Wolfram alpha says that $$x \approx 2.511886431509580111085032067799327394158518100782475428679...$$

Let $f(x) = x^5$

Then $f(x + h) \approx f(x) + h f'(x)$ becomes $(x+h)^5 \approx x^5 + 5hx^4$.

So, if $x$ is an approximate answer to $x^5 = 100$, then we could get a better approximation, $x+h$ by solving

\begin{align} (x + h)^5 &= 100 \\ x^5 + 5hx^4 &= 100 \\ 5hx^4 &= 100 - x^5\\ h &= \dfrac{100 - x^5}{5x^4} \end{align}

So, if $x_n$ is your most recent approximation to the solution to $x^5 = 100$, then your next approximation would be \begin{align} x_{n+1} &= x_n + \dfrac{100 - x_n^5}{5x_n^4} \\ &= x_n \left(1 + \dfrac{100 - x_n^5}{5x_n^5}\right) \\ &= x_n \left(1 + \dfrac{20}{x_n^5} - \dfrac 15\right) \\ &= x_n \left(0.8 + \dfrac{20}{x_n^5}\right) \\ \end{align}

We can start with a linear approximation first

\begin{array}{c|c} x & x^5\\ \hline 2 & 32 \\ 2+h & 100 \\ 3 & 243\\ \hline \end{array}

where we get \begin{align} \dfrac{(2+h) - 2}{3-2} &= \dfrac{100 - 32}{243 - 32}\\ h &= \dfrac{68}{211}\\ h &\approx 2.3 \end{align}

so we start with $x_1 = 2.3$

As a general BOE(back of the envelope) computation rule, you double the number of digits after the decimal point in each approximation. Since $2.3$ has one digit after the decimal point, we will round off to the nearest humdredth for our first approximation.

\begin{align} 2.3^2 &= 5.29 \\ 2.3^4 &= 5.29^2 \\ 2.3^4 &= 27.98 \\ 2.3^5 &= 2.3 \cdot 27.98 \\ 2.3^5 &= 64.35 \\ 20/2.3^5 &= 0.31\\ x_2 &= 2.3(0.8 + 0.31)\\ x_2 &= 2.55\\ \end{align}

Next, we will round off to four digits past the decimal point.

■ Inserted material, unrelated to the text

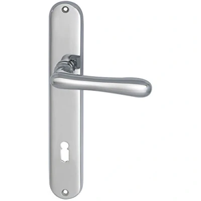 Elegant handle set made of robust and durable brass with chrome-plated surface The door handle provides a comfortable grip and allows for comfortable opening and closing of the door With innovative retaining spring for maximum comfort - even after years of use, the door handle is prevented from wearing out Square pin: 8 / 8.5 / 8 mm loose, class according to EN 1906: 3, fire protection: ÖNORM B3859, door thickness: 38 - 45 mm, holes: BB 90 Box contents: "Elegant 22" handle set - 2x door handle on sign BB 90, 1x square pin offset, wood screws, Weight: 1.91140781154 pounds, Manufacturer: MARCHESI

\begin{align} 2.55^2 &= 6.5025 \\ 2.55^4 &= 6.5025^2 \\ 2.55^4 &= 42.2825 \\ 2.55^5 &= 2.55 \cdot 42.2825 \\ 2.55^5 &= 107.8204 \\ 20/2.55^5 &= 0.1855\\ x_2 &= 2.55(0.8 + 0.1855)\\ x_2 &= 2.5130\\ \end{align}

The next step, if we had performed it, would give

2.51188742

which is accurate to 6 digits.

Answer 3

You are looking for a quick method that requires the minimum of arithmetic. In the absence of fifth powers of integers which are close to 100, we look for two integers the ratio of the fifth powers of which are close to 100, and we are fortunate that $$\frac{5^5}{2^5}=\frac{3125}{32}=\frac{3200}{32}-\frac{75}{32}$$

We can therefore consider a simple linear approximation of the form $$f(x+h)\simeq f(x)+hf'(x)$$ using the function $$f(x)=x^{\frac 15}\Rightarrow f'(x)=\frac 15 x^{-\frac 45}$$

Therefore $$100^{\frac 15}=f(100)=f\left(\frac{3125}{32}+\frac{75}{32}\right)\simeq 2.5+\frac {75}{32}\times\frac 15\times\left(\frac{3125}{32}\right)^{-\frac 45}$$ $$\simeq 2.5+\frac{15}{32}\times\frac{16}{625}$$ $$\simeq 2.5+\frac{3}{250}$$ $$\simeq 2.512$$

This is correct to 3 decimal places and easily doable in two minutes.